Oh Min-A, Choi Suyong, Lee Mi Ji, Choi Moon-Chang, Lee Sin-Ae, Ko Wonil, Cance William G, Oh Eok-Soo, Buday Laszlo, Kim Sung-Hoon, Lee Jung Weon
Cancer Research Institute, Cell Dynamics Research Center, Department of Tumor Biology, College of Medicine, Seoul National University, 101, Daehangro, Jongno-gu, Seoul 110-799, Republic of Korea.
Biochim Biophys Acta. 2009 May;1793(5):781-91. doi: 10.1016/j.bbamcr.2009.01.015. Epub 2009 Feb 5.
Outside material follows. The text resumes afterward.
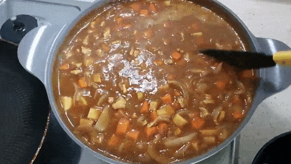 그리고 바로 숙성 카레 고형 8인분을 같이 넣어줬어요.
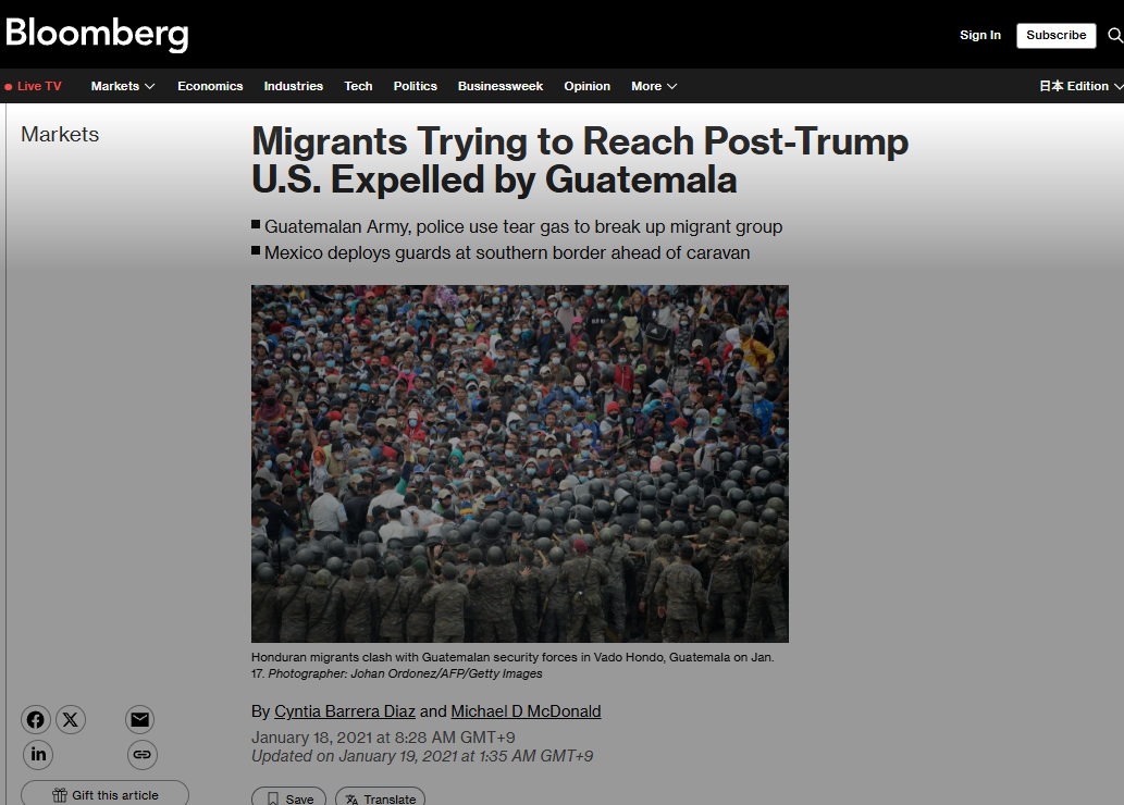 Share Facebook Twitter LinkedIn Pinterest Email バイデン政権に期待して人が殺到しつつある。 https://www.bloomberg.com/news/articles/2021-01-17/thousands-of-migrants-head-for-u-s-after-clash-in-guatemala

Cell adhesion to the extracellular matrix (ECM) can activate signaling via focal adhesion kinase (FAK) leading to dynamic regulation of cellular morphology. Mechanistic basis for the lack of effective intracellular signaling by non-attached epithelial cells is poorly understood. To examine whether signaling in suspended cells is regulated by Fer cytoplasmic tyrosine kinase, we investigated the effect of ectopic Fer expression on signaling in suspended or adherent hepatocytes. We found that ectopic Fer expression in Huh7 hepatocytes in suspension or on non-permissive poly-lysine caused significant phosphorylation of FAK Tyr577, Tyr861, or Tyr925, but not Tyr397 or Tyr576. Fer-mediated FAK phosphorylation in suspended cells was independent of c-Src activity or growth factor stimulation, but dependent of cortactin expression. Consistent with these results, complex formation between FAK, Fer, and cortactin was observed in suspended cells. The Fer-mediated effect correlated with multiple membrane protrusions, even on poly-lysine. Together, these observations suggest that Fer may allow a bypass of anchorage-dependency for intracellular signal transduction in hepatocytes.
细胞与细胞外基质(ECM)的黏附可通过黏着斑激酶(FAK)激活信号传导,从而导致细胞形态的动态调节。对于未附着的上皮细胞缺乏有效细胞内信号传导的机制基础,人们了解甚少。为了研究悬浮细胞中的信号传导是否受Fer细胞质酪氨酸激酶调节,我们研究了异位表达Fer对悬浮或贴壁肝细胞中信号传导的影响。我们发现,在悬浮的或在非允许性聚赖氨酸上的Huh7肝细胞中异位表达Fer会导致FAK的Tyr577、Tyr861或Tyr925发生显著磷酸化,但不会导致Tyr397或Tyr576磷酸化。悬浮细胞中Fer介导的FAK磷酸化与c-Src活性或生长因子刺激无关,但依赖于皮层肌动蛋白的表达。与这些结果一致,在悬浮细胞中观察到了FAK、Fer和皮层肌动蛋白之间的复合物形成。即使在聚赖氨酸上,Fer介导的效应也与多个膜突出相关。总之,这些观察结果表明,Fer可能允许肝细胞在细胞内信号转导中绕过对锚定的依赖性。